=== Begin Enclosure ===

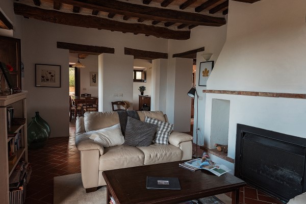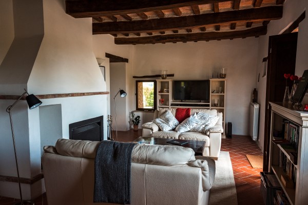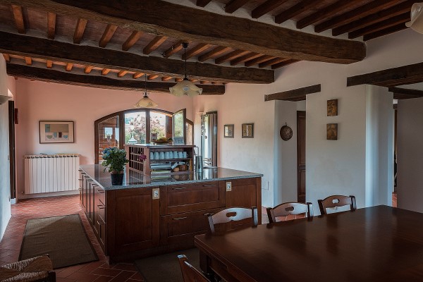 De villa heeft meer toegangen, maar de hoofdingang is dicht bij het parkeerterrein. Via deze deur kom je in de woonkamer met een open haard (geïmporteerd uit Australië!) en een uitnodigende leren banken, een ‘entertainment unit’ met een televisie met satelliet aansluiting, Dvd-speler en een geluidsinstallatie. Aangrenzend is de ruime keuken/eetkamer met een schitterend granieten keukenblad en een houten kookeiland met afzuigkap, grote oven, vaatwasser, magnetron en met genoeg bestek, glazen en borden om met een grote groep te genieten van onvervalst Italiaans eten en drinken. De imposante kastanjehouten eettafel is gemaakt door lokale ambachtslieden (en ook overigens de bedden, inbouwkasten en andere meubelen) en is geschikt voor twaalf personen. Op de begane grond is een badkamer en een aparte wasruimte, in deze laatste staat een wasmachine, droger, strijkijzer, stofzuiger en wasbak.
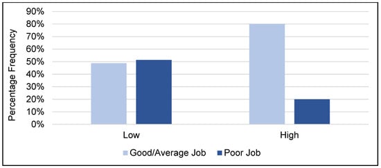 Differences in the rating of victim treatment were also observed between high and low levels of distributive Just World Beliefs (see Figure 3). A greater proportion of those holding low levels of distributive Just World Beliefs rated the treatment of victims in court as ‘poor’ (51.3%) than of those who had high levels of distributive Just World Beliefs (20.0%). The difference observed was found to be statically significant (X2 (1, n = 114) = 11.8, p ≤ 0.001), with a medium effect size (Phi = 0.32). The largest impact came from those with low distributive Just World Beliefs who rated the court’s ability to help victims as ‘poor’ more often than would be expected (see Table 5).
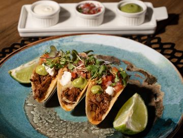 Tortilla de trigo, ropa vieja, pico de gallo, picante de la casa, crema agria. • Corn tortillas, beef ropa vieja, pico de gallo, creamy hot sauce, sour cream.
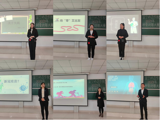经过预赛,共有14名选手进入了校级决赛。比赛由自主命题讲解和科技常识问答两个环节组成。比赛中,选手们借助多媒体等辅助手段,用科学、趣味、通俗的语言,深入浅出地讲解了生活中极为常见的健身、肿瘤的生长、失眠、沙尘暴、新冠疫苗、艾滋病等知识,让在场的观众感受到了“原来科学就在身边”。
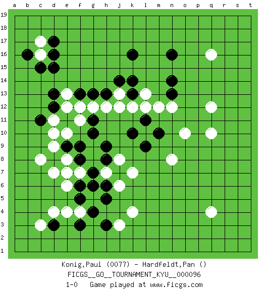 Last move : 1-0 2010 May 1 11:20:30 [Event "FICGS__GO__TOURNAMENT_KYU__000096"] [Site "FICGS"] [Date "2009.12.26"] [Round "1"] [Black "Konig,Paul"] [White "Hardfeldt,Pan"] [Result "1-0"] [Rating 1 "0077"] 1.k10 d4 2.g6 e6 3.f8 d9 4.e11 d11 5.d12 e10 6.c11 d10 7.f9 q4 8.d8 f11 9.g11 e12 10.d13 e13 11.d15 g12 12.g10 c8 13.e9 d7 14.e7 e8 15.f6 f7 16.g7 e7 17.h13 q10 18.g13 h12 19.f13 f12 20.k16 f4 21.g4 k4 22.f3 g5 23.f5 e4 24.d3 q16 25.h5 q12 26.n14 j13 27.j14 l13 28.k13 k12 29.k14 j12 30.n13 m12 31.l11 l12 32.m10 n12 33.n16 c16 34.d16 c17 35.c15 o10 36.l9 n8 37.d17 j3 38.h3 k7 39.j7 j6 40.h8 j8 41.h6 h7 42.h9 c3 43.b16 1-0 Here are the names of the openings (joseki) played in the four corners : Corner d4 : d4 g6 Hoshi (Hwajeom, Seongjeom, Xingwei`) 4-4 Point. The star or hoshi (4-4) point, emphasizing influence at the potential expense of territory. Corner d16 : e11 d11 This joseki is unknown. A weak or weird move has probably been played in this corner. Corner q4 : q4 l9 Hoshi (Hwajeom, Seongjeom, Xingwei`) 4-4 Point. The star or hoshi (4-4) point, emphasizing influence at the potential expense of territory. Player Black won this Go (weiqi, baduk) game. Follow this game move after move (download)If you lose by one point, take a rest. (Anonymous) The only thing that matters is the evidence. (Horatio Caine, C.S.I. Miami)
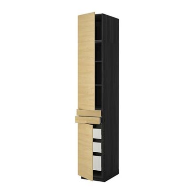 МЕТОД / МАКСИМЕРА Высок шкаф+полки/5ящк/2дверцы/2фрнт - 40x60x240 см, Тингсрид под березу, под дерево черный
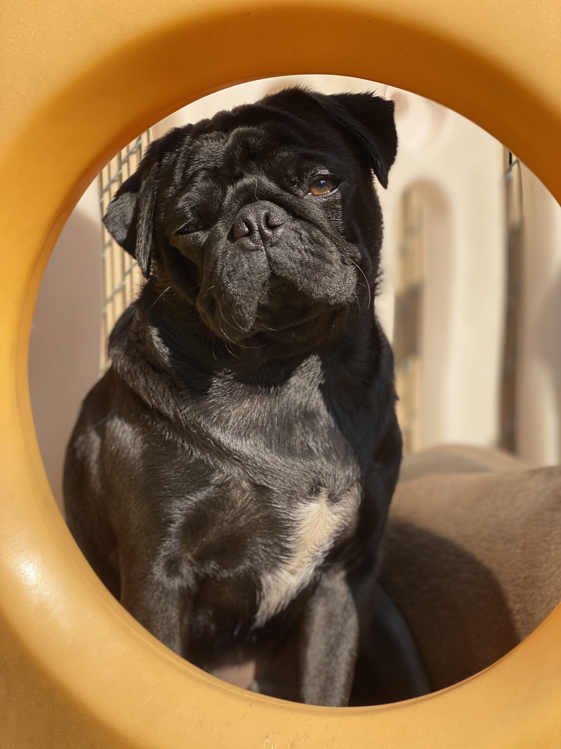 Bug has only been coming to Central Bark for about 7 months, but he has quickly become a staple in our everyday routine! It is always such a joy to see Bug and his dad, Larry, pull up in the morning for a day of fun! Bug is a well-rounded Pug who makes friends very easily. He can be found teaching new puppies to play appropriately, as well as getting rough and tumble with his more seasoned friends. His closest friends include, Magnum and Marlin, Ozzy, Coco and Oliver Blu! On summer days, Bug enjoys taking a dip in the pool. Bug knows how to unwind though too; he can be found snuggled up in his circle bed at nap time. Snug as a Bug in a rug! We love you Bug! Congratulations on being our Dog of the Month!
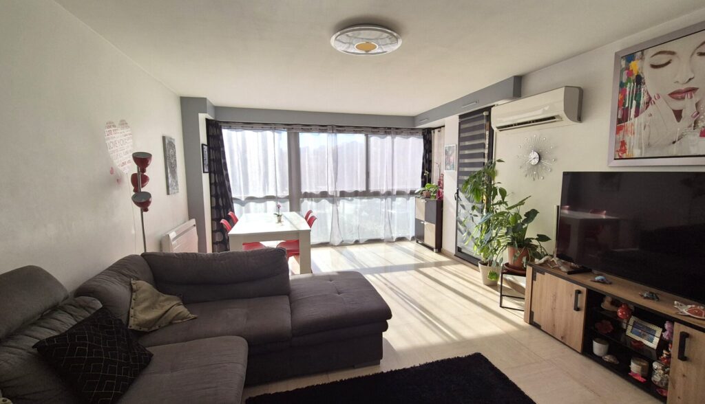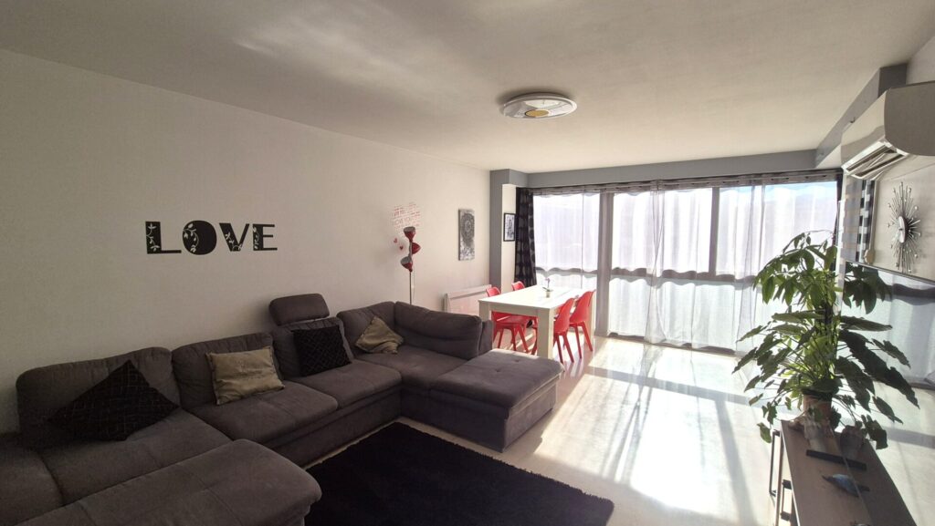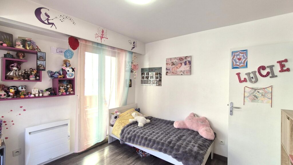 L’appartement bénéficie de nombreux placards de rangement. Le bien est en bon état général et nécessite peu de travaux. Toutes les pièces sont équipées de double vitrage et ouvrent sur le balcon terrasse, à l’exception de la chambre exposée Nord.
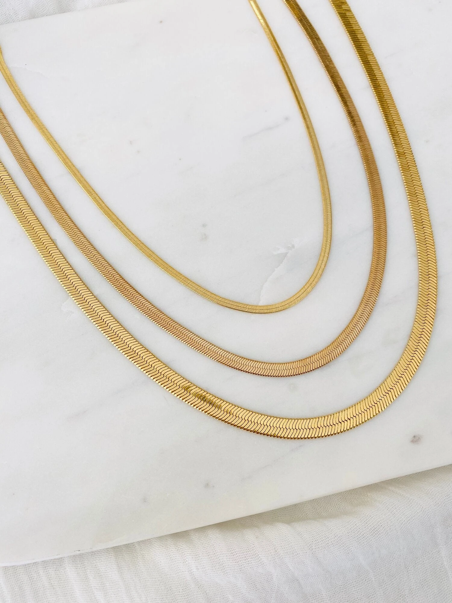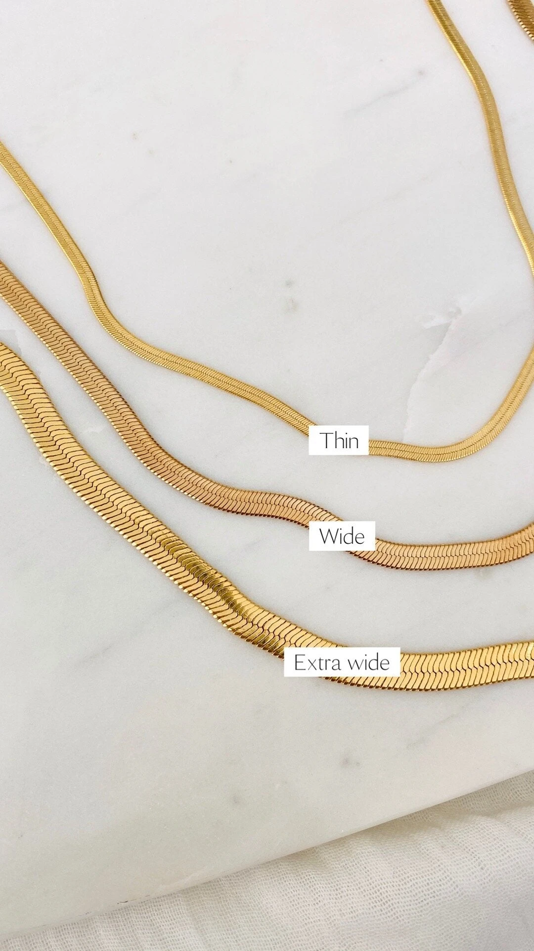 Classic herringbone chain, available in three different sizes. A staple for every stack!
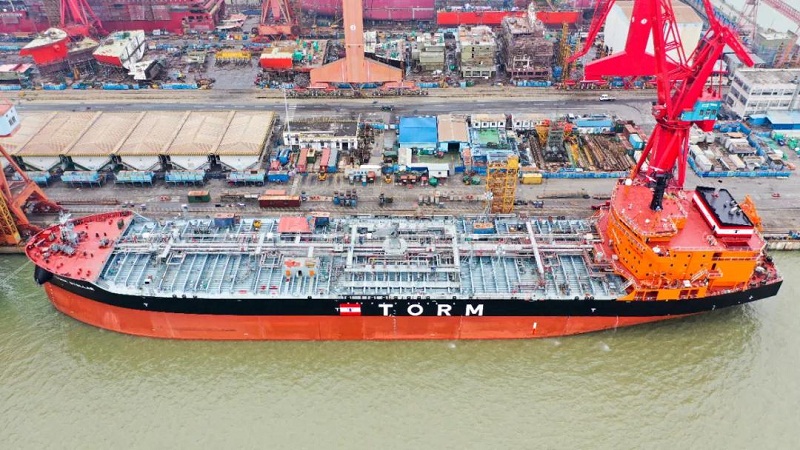 广船国际为TORM航运公司建造的7艘5万吨化学品/成品油船中最后一艘船提前2天完成试航归来。该型船加装开式除硫系统,是环保、节能、高效的新型油船,试航的完成,为抢抓完工节点赢得了宝贵时间,系列船全部交付指日可待!
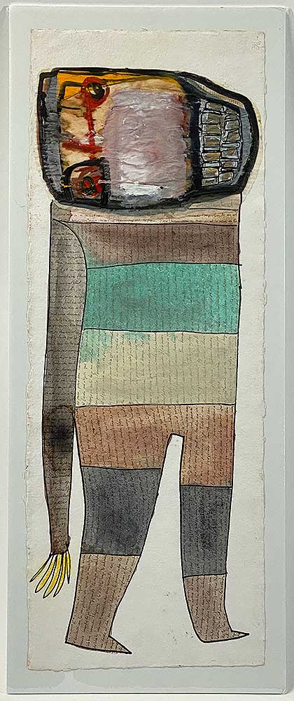 A whimsical demi-monster from a series of 55 paintings with text from Joseph Conrad’s Heart of Darkness inscribed in the background. Originally shown as part of The Right Hand of Darkness, the artist’s first show in the US in 2011.
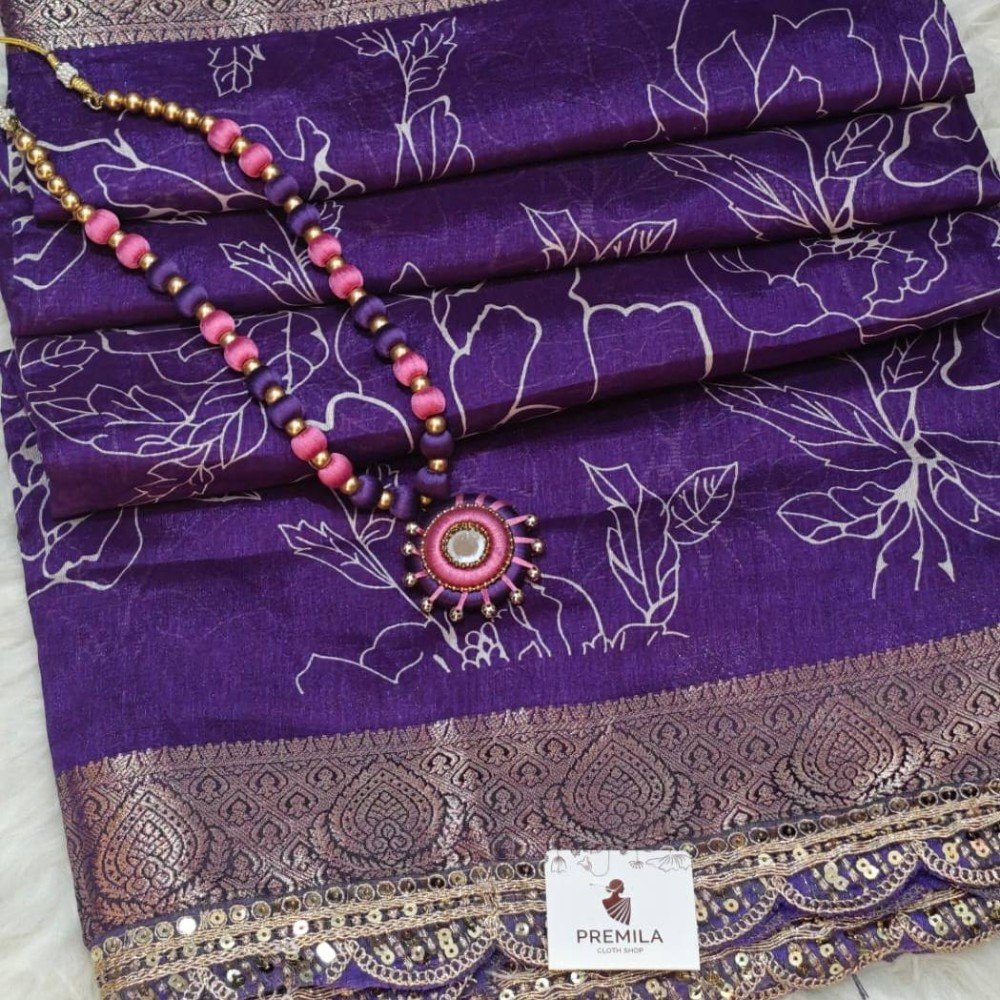 Name | Dola Printed Saree with Scallop Lace Work All Around the Saree |

=== End Enclosure ===

→ WHAT THIS TASK INVOLVES
Begin at the first line of the entries and stop after the line holding "经过预赛,共有14名选手进入"; repeat those lines exactly, but not the pictures.

→ OUTPUT
 De villa heeft meer toegangen, maar de hoofdingang is dicht bij het parkeerterrein. Via deze deur kom je in de woonkamer met een open haard (geïmporteerd uit Australië!) en een uitnodigende leren banken, een ‘entertainment unit’ met een televisie met satelliet aansluiting, Dvd-speler en een geluidsinstallatie. Aangrenzend is de ruime keuken/eetkamer met een schitterend granieten keukenblad en een houten kookeiland met afzuigkap, grote oven, vaatwasser, magnetron en met genoeg bestek, glazen en borden om met een grote groep te genieten van onvervalst Italiaans eten en drinken. De imposante kastanjehouten eettafel is gemaakt door lokale ambachtslieden (en ook overigens de bedden, inbouwkasten en andere meubelen) en is geschikt voor twaalf personen. Op de begane grond is een badkamer en een aparte wasruimte, in deze laatste staat een wasmachine, droger, strijkijzer, stofzuiger en wasbak.
 Differences in the rating of victim treatment were also observed between high and low levels of distributive Just World Beliefs (see Figure 3). A greater proportion of those holding low levels of distributive Just World Beliefs rated the treatment of victims in court as ‘poor’ (51.3%) than of those who had high levels of distributive Just World Beliefs (20.0%). The difference observed was found to be statically significant (X2 (1, n = 114) = 11.8, p ≤ 0.001), with a medium effect size (Phi = 0.32). The largest impact came from those with low distributive Just World Beliefs who rated the court’s ability to help victims as ‘poor’ more often than would be expected (see Table 5).
 Tortilla de trigo, ropa vieja, pico de gallo, picante de la casa, crema agria. • Corn tortillas, beef ropa vieja, pico de gallo, creamy hot sauce, sour cream.
经过预赛,共有14名选手进入了校级决赛。比赛由自主命题讲解和科技常识问答两个环节组成。比赛中,选手们借助多媒体等辅助手段,用科学、趣味、通俗的语言,深入浅出地讲解了生活中极为常见的健身、肿瘤的生长、失眠、沙尘暴、新冠疫苗、艾滋病等知识,让在场的观众感受到了“原来科学就在身边”。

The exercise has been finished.